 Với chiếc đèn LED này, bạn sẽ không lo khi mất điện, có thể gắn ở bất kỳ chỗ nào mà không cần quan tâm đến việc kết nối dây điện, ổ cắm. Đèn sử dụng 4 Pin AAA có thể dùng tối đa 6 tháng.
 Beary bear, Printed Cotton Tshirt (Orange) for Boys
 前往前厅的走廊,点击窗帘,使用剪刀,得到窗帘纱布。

§

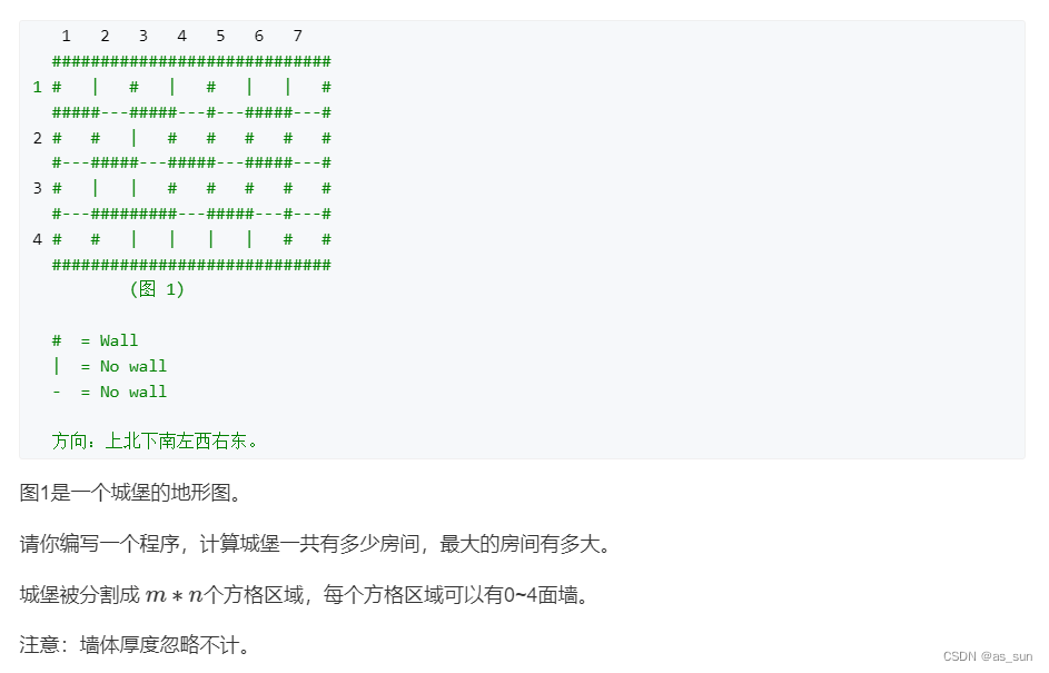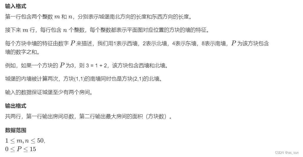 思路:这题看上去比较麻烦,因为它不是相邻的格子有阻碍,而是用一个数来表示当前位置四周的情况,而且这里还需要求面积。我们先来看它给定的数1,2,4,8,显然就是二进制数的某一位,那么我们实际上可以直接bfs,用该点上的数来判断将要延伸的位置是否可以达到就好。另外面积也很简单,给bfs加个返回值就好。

§

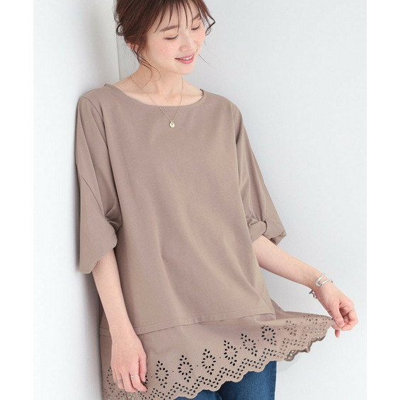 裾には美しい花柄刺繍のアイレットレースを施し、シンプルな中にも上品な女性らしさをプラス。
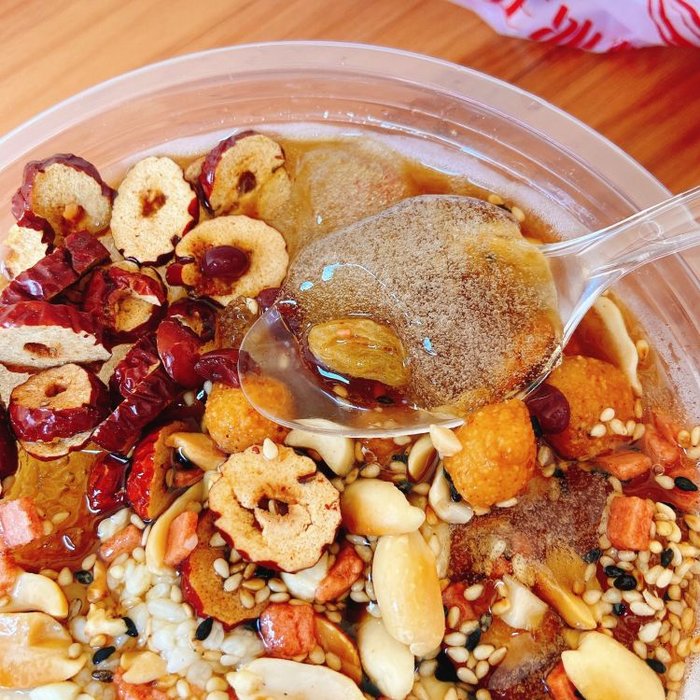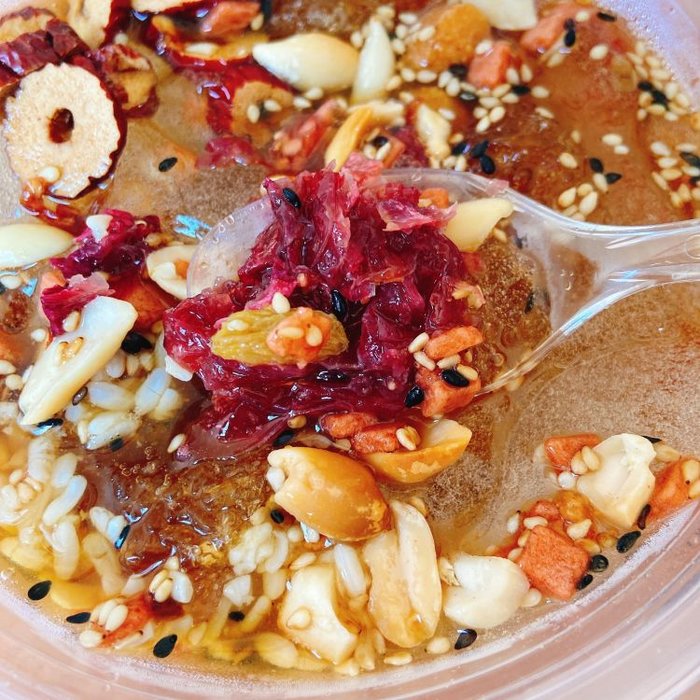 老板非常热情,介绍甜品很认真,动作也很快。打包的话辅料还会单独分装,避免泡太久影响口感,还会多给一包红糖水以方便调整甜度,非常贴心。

§

Begin at the line above that has "Beary bear, Printed" and stop after the line that has "前往前厅的走廊,点击窗帘,使用剪刀,得到窗帘纱布。", copying each line exactly and adding nothing else.

 Beary bear, Printed Cotton Tshirt (Orange) for Boys
 前往前厅的走廊,点击窗帘,使用剪刀,得到窗帘纱布。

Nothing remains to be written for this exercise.